# ACTIVITY:
Reproduce the listing that follows character for character, excluding its pictures.

# DATASET CONTENT:
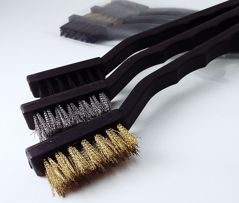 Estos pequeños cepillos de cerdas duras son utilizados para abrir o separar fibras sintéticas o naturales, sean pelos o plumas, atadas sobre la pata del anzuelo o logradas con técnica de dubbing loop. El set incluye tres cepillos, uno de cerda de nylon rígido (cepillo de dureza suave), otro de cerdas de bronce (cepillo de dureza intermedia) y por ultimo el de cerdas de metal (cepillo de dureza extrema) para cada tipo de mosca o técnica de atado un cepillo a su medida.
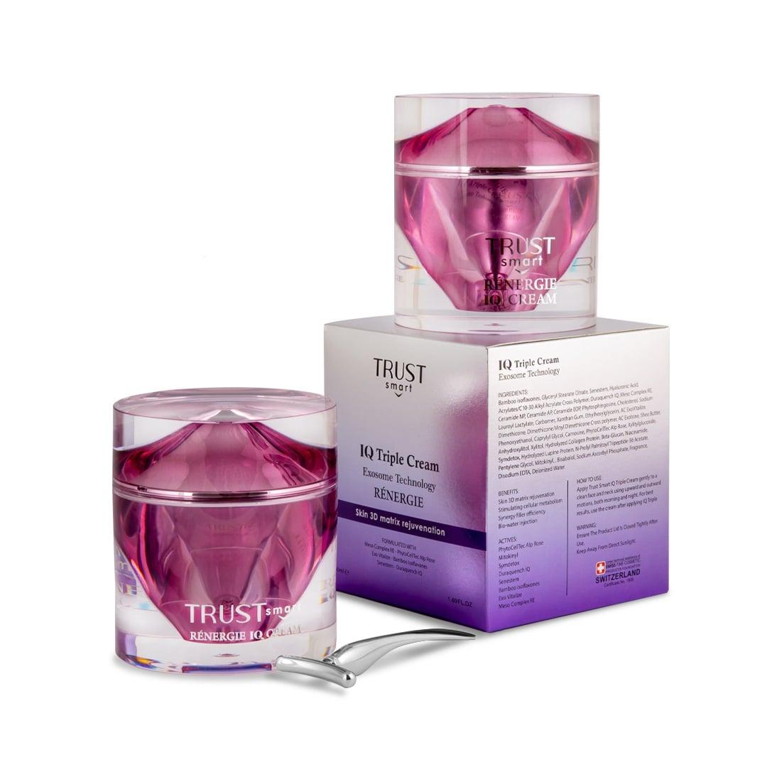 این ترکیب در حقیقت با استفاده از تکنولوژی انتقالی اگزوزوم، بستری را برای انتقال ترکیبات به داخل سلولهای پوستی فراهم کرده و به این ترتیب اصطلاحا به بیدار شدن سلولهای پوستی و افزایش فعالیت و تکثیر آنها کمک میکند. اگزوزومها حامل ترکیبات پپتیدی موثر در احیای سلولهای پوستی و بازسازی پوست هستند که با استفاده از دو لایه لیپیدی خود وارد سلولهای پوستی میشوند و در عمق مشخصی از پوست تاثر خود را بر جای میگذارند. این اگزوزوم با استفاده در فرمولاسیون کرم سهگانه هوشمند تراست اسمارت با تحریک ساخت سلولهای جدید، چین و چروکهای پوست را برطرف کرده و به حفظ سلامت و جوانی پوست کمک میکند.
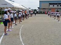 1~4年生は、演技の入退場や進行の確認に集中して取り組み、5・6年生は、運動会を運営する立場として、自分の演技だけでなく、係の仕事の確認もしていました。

# REPLY:
 Estos pequeños cepillos de cerdas duras son utilizados para abrir o separar fibras sintéticas o naturales, sean pelos o plumas, atadas sobre la pata del anzuelo o logradas con técnica de dubbing loop. El set incluye tres cepillos, uno de cerda de nylon rígido (cepillo de dureza suave), otro de cerdas de bronce (cepillo de dureza intermedia) y por ultimo el de cerdas de metal (cepillo de dureza extrema) para cada tipo de mosca o técnica de atado un cepillo a su medida.
 این ترکیب در حقیقت با استفاده از تکنولوژی انتقالی اگزوزوم، بستری را برای انتقال ترکیبات به داخل سلولهای پوستی فراهم کرده و به این ترتیب اصطلاحا به بیدار شدن سلولهای پوستی و افزایش فعالیت و تکثیر آنها کمک میکند. اگزوزومها حامل ترکیبات پپتیدی موثر در احیای سلولهای پوستی و بازسازی پوست هستند که با استفاده از دو لایه لیپیدی خود وارد سلولهای پوستی میشوند و در عمق مشخصی از پوست تاثر خود را بر جای میگذارند. این اگزوزوم با استفاده در فرمولاسیون کرم سهگانه هوشمند تراست اسمارت با تحریک ساخت سلولهای جدید، چین و چروکهای پوست را برطرف کرده و به حفظ سلامت و جوانی پوست کمک میکند.
 1~4年生は、演技の入退場や進行の確認に集中して取り組み、5・6年生は、運動会を運営する立場として、自分の演技だけでなく、係の仕事の確認もしていました。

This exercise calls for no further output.